Saturday, October 9, 2010

This time of year the hope of spring time has dwindled down to a few hopes. The boys of spring are now the boys of autumn. The hot sweltering days of summer have given way to cool fall air. Long sleeve jerseys adorn the players now as they trot out on the diamond. the crack of the bat stings a bit more in the icy air of fall, no longer does the sweat roll off the brow and gallons of water are not consumed in buckets.

The playoffs are in full swing, bars roll to the swing of the bat, moans grumble out the door at the ball is caught and epitaphs swirl in the air as the bat slices through empty space. It is so much fun to toss the hard horsehide around, smack it with a bat, chase it across the field and hurl it to first base.

Baseball the all american sport that anybody can play and has been played in sand lots, asphalt jungles and pastures. The roar of the ball slicing over stretched arms to bounce off a tin can or roll through a cow patty.

It is amazing where ball fields have been built. The one in the corn filed is probably one of the more famous ones. Out across america one is liable to find a ball field in no where, which is where I found this grandstand.

The nearest town is that way over 10 miles and that away 50 miles and over there it is another 40 miles. Baseball was so popular that the pioneers/settlers built a ball park in a cow pasture by a sand creek. Lumber and materials was hauled by wagon but it was built and has stood for about a century.

Today it is not much more then a monument to man's determination to celebrate. Celebrate they did, There were holiday picnics and other games played until the start of the baseball game. Neighbors would bring their families and the visit would begin. children playing in the woods of the creek, people sitting in the grand stand visiting, men lounging under trees talking and teenagers getting antsy for the ball game.

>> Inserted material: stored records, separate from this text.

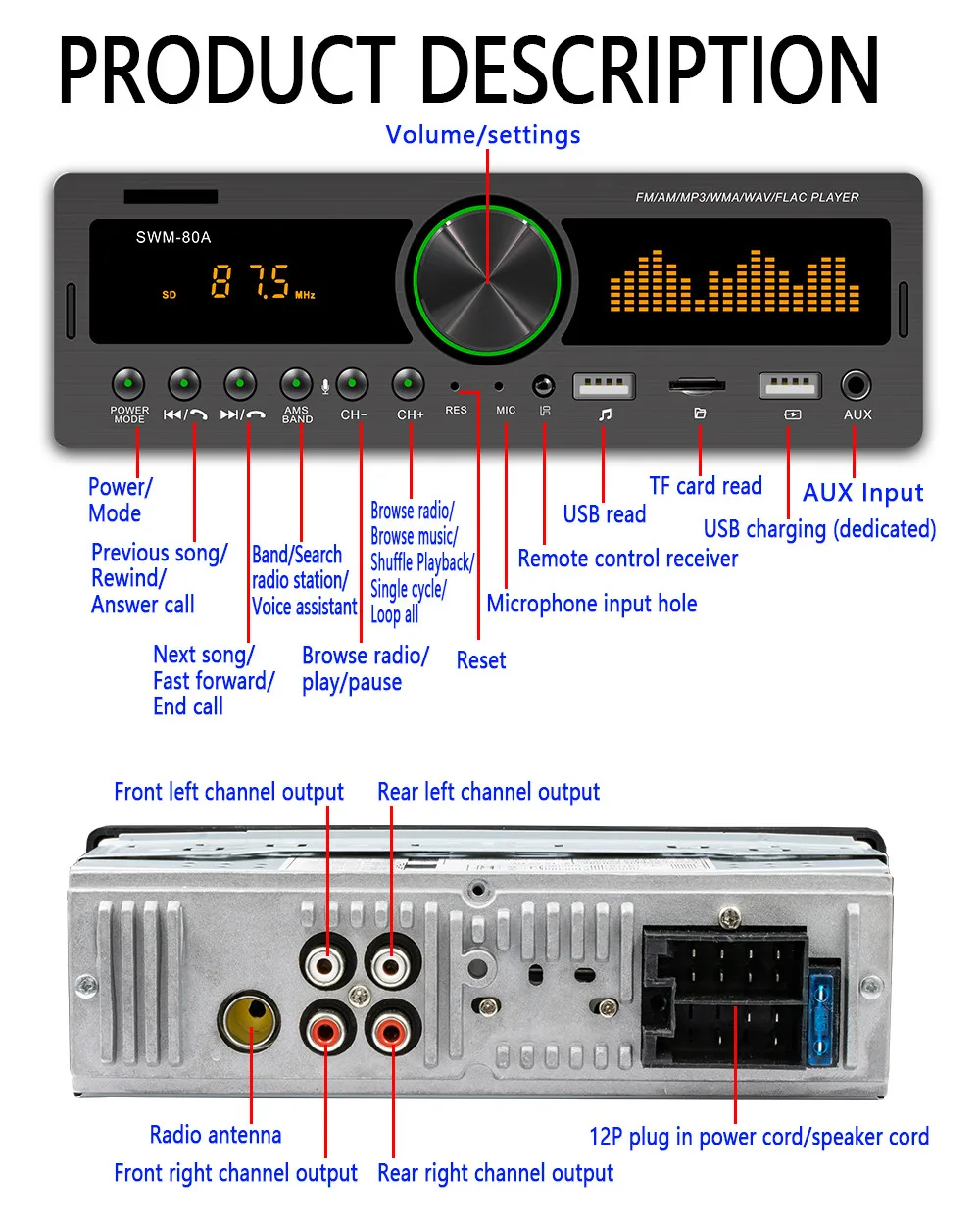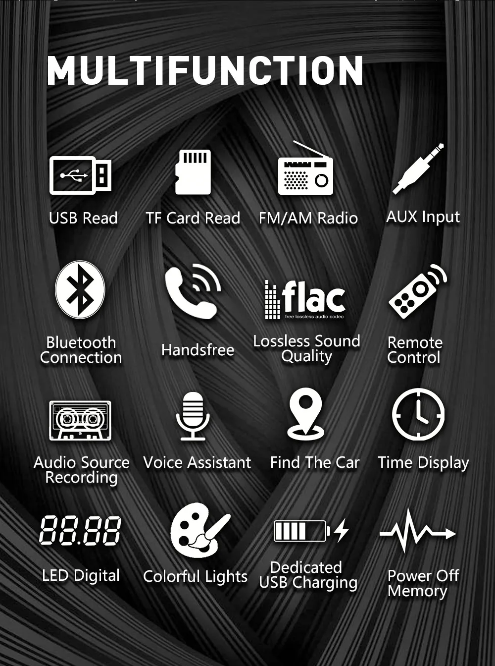 Специальное Перо:1. Голосовой помощник.2. Найдите автомобиль (Только для option''BT find Radio'') Через бесплатное приложение.(После парковки телефон может запомнить место парковки и перейти к тому месту, где в то время была парковка)3. Запись источника звукаМногофункциональный Bluetooth автомобильный mp3-плеерСпецификация продукта:Встроенный Bluetooth + микрофонПоддержка громкой связиПоддержка расширенного режима передачи звукаПоддержка индикации часов во время отключения питания высококачественное цифровое стерео fm-радиоПоддержка трехдиапазонного магазина радио FM1-FM2-FM3, и может установить 18 радиостанций(Радиочастота: 87,5-108 МГц)Поддержка USB/SD/MMC кард-ридерПоддержка аудио: форматы MP3/WMA/WAV и так далееПоддержка функции воспроизведения папокПоддержка памяти точки останова и ID3 playПоддержка дистанционного управленияВоспроизведение в формате MP3 поддерживает воспроизведение паузы/предварительного воспроизведения и 10 треков вверх/внизЭлектронный Тип Басов/ВЧ/левый и правый баланс/передний и задний баланс регулятор громкостиВыбор различных режимов эквалайзера: Джаз, Рок, Поп, Классика и т. Д.Поддержка отключения звука и контроля громкости (LUOD)Передняя AUX аудио вход отверстие и задний Терминал L/R аудио RCA выход отверстие4 дорожки с высокой выходной мощностью (4 громкоговорителя высокой мощности) 60 Вт * 4chРабочее напряжение: 12 В постоянного токаУмный вызов BluetoothПоддерживает звонки без рук (HEP)VER1.5, что делает его удобным для приема звонков и безопасно для вождения.Поддержка воспроизведения нескольких музыкальных форматов: WMA/MP3 и т. Д.Поддержка регулировки нескольких моделей звукового эффекта и независимого выхода. (Например: высокий шаг, низкий шаг, баланс L/R, передний и задний баланс). Поддержка названия ID3 английских песен. Поддержка функции воспроизведения папок. Модели звуковых эффектов: классика, джаз, поп. Рок, мега бас может быть случайно переключен через нажатие соответствующих кнопок на панели эквалайзера/громкогоПоддержка USB(U диск)/SD карты воспроизведенияПоддержка обширного USB/SD оборудования для хранения, и вы можете скачать песни, которые вам нравятся, в оборудование для хранения, чтобы играть, что очень удобно (я лично проверил, что карту памяти с объемом памяти 32 Гб можно воспроизводить во вспышке) поддержка зарядки всех видов цифровых продуктов с usb-интерфейсами (только поддержка зарядки 5 В)Супер сильный выход четырех трековОн принимает усилитель мощности TDA7388 1C(60 Вт * 4), импортированный с оригинальной упаковкой, которая может быть подключена внешне к четырем громкоговорителям высокой мощности, обеспечивая превосходный звуковой эффект.Терминал RAC в задней части поддерживает аудиовыход левого и правого каналов и может быть подключен к внешнему сабвуферу или усилителю.Функция радиоFm-радио с высококачественной цифровой стереосистемой, которая может осуществлять поиск каналов в автоматическом режиме, полуавтоматический и точный способ регулировки, поддерживает трехполосный радиотелефон (FM1-FM2-FM3), которые могут хранить 18 радиоканалов заранее. (Радиочастота: 87,5-108 МГц)AUX аудио входПоддержка внешний AUX (3,5 мм штекер) по току в аудио, например, anavigation,MP3.MP5.mobi ильный аудио и так далее, вход переменного тока через front terminal с разъемом подачи внешнего сигнала AUX, И выход звука от высокого уровня автомобиляПосылка включает в себя:1 * автомобильный
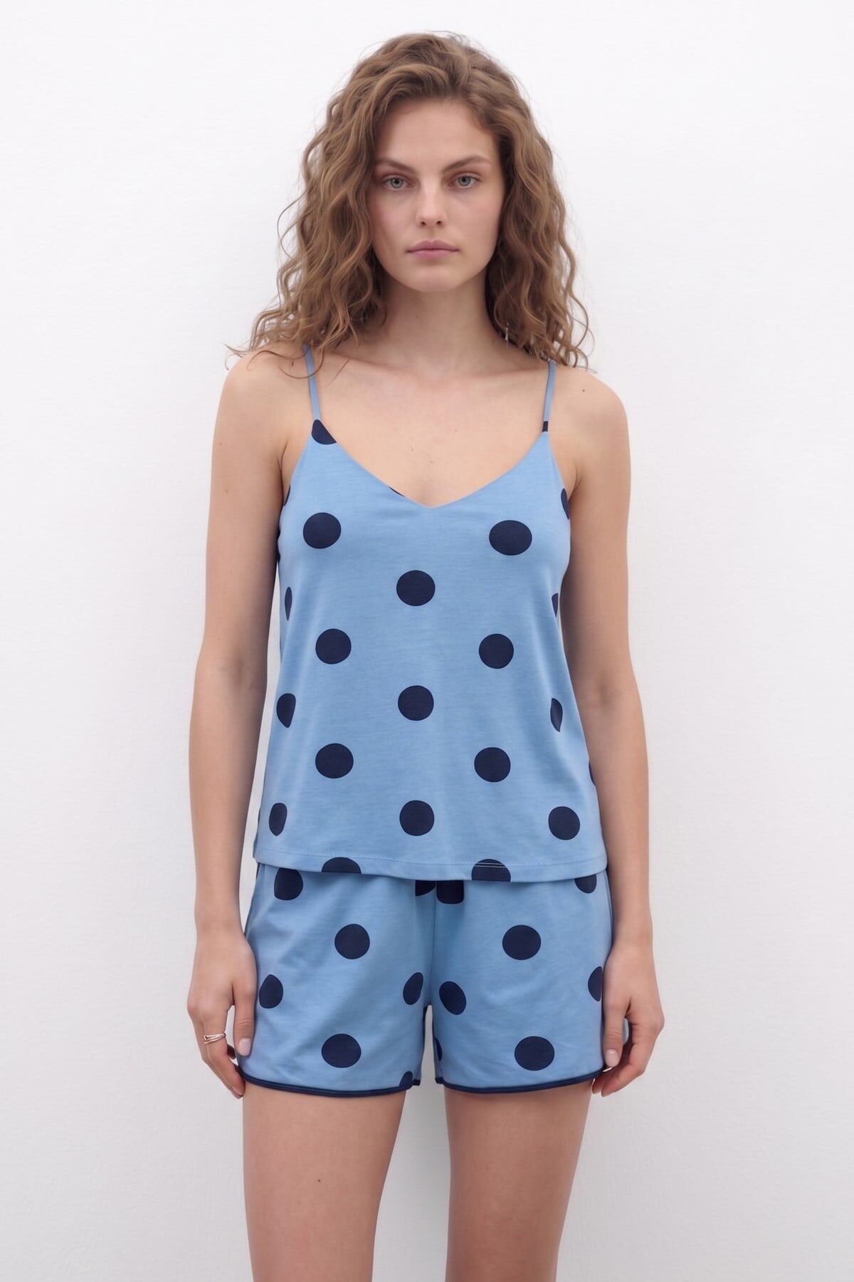 Puantiyeli tasarımı sayesinde şık, zarif ve sevimli bir görünüm sunan bu kadın pijama takımı, konfor ile estetiği bir araya getirir. Günlük kullanımda rahatlıkla tercih edilebileceği gibi, uyku giyiminde de hafif ve konforlu yapısıyla öne çıkar.
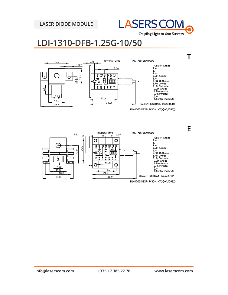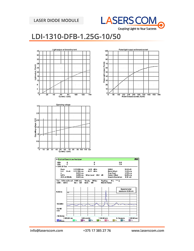 1310nm Laser diode from LasersCom designed for applications in optical data systems with modulation up to 2.5Gbps. Standard laser packages include DIL or TO-can. An integrated photodiode is standard in the TO-can package for automatic power control. The DIL package provides a photodiode, TEC module and thermistor for long term optical power stability. DFB laser diode with wavelength of 1310nm and output power up to 10mW.
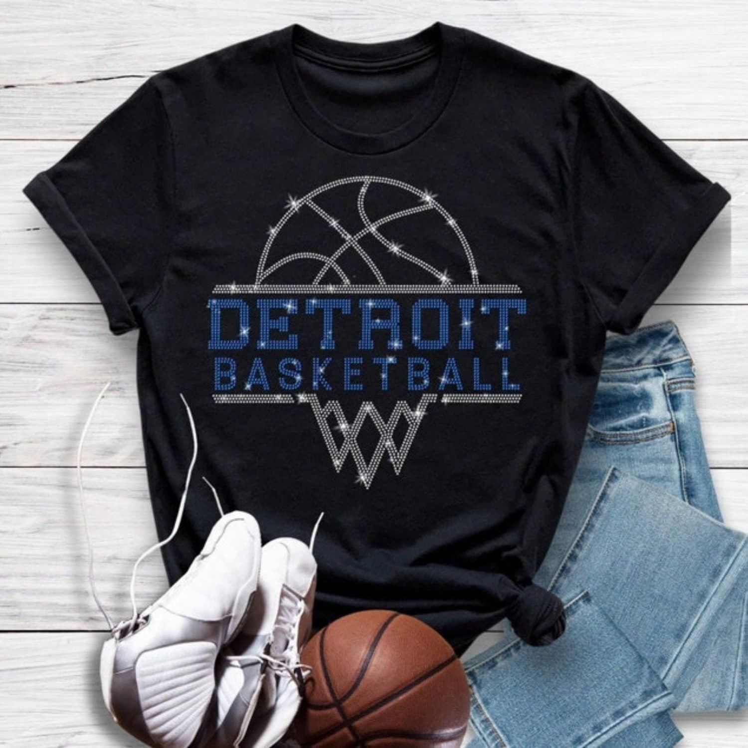 Detroit Basketball Sports Team Rhinestone T-Shirt, Basketball Lover Clothing, Sports Mom Fan Spirit Shirt, High-Quality Custom Print Shirt
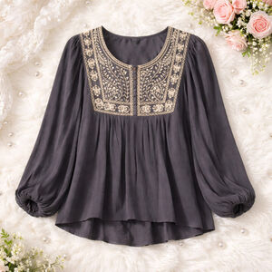 0124 NWT in bloom blue shirt with embroidery around the neck and shoulders.
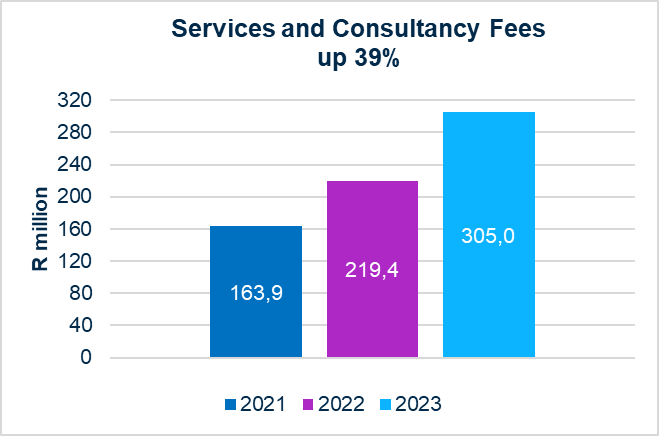 Services and consultancy fees accelerated by 39% due to the increased demand for cloud and digital projects, and Security hardware and third-party licence fees which increased significantly.
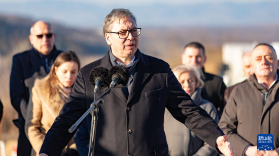 12月29日,在塞爾維亞戈盧巴茨市,塞爾維亞總統(tǒng)武契奇視察“多瑙走廊”快速路項(xiàng)目時(shí)發(fā)表講話。新華社發(fā)(王韡攝)
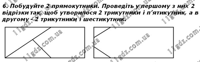 Побудуйте 2 прямокутники. Проведіть у першому з них 2 відрізки так, щоб утворилося 2 трикутники і п’ятикутник, а в другому - 2 трикутники і шестикутник
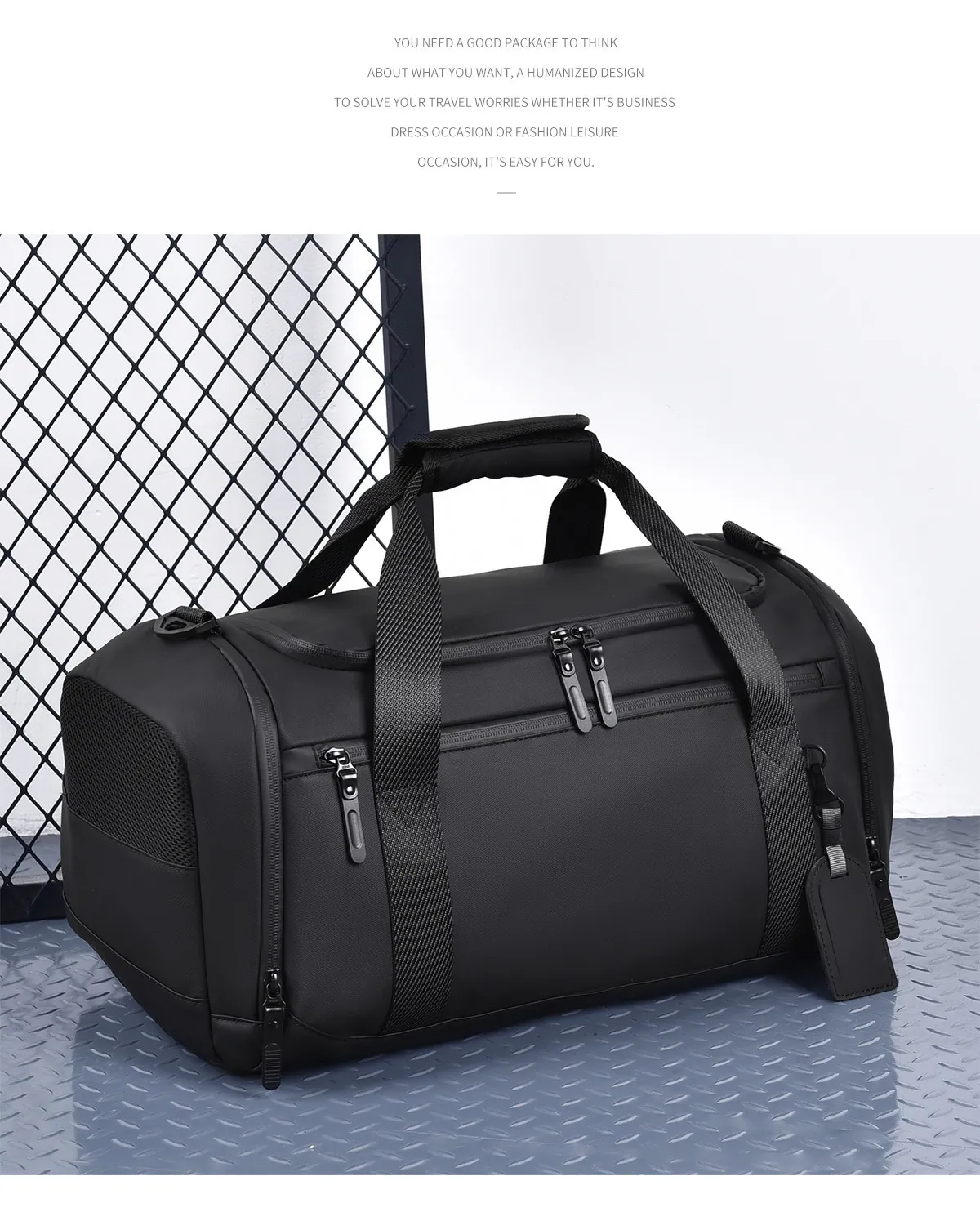 - Whether you're heading to a business meeting or a weekend getaway, this bag has the capacity and organization features to accommodate all your essentials. The multiple compartments make it easy to access your belongings quickly, and the sleek, professional design ensures you look good while carrying everything you need.

It was a spectacle for the old settlers and their families. there was no television to watch the fall festivities back east someplace and electricity was in town so no radios. The telephone had just gotten off the drawing board and news traveled by singing wires or newspaper.

Here in the pasture there were no bright lights, no big money deals, just a few people getting together to celebrate life as it was dealt to then.

Today it is used for special occasions and there some people who look after it. Mostly it sits on the plains listening to the winds of time whistle through the rafters.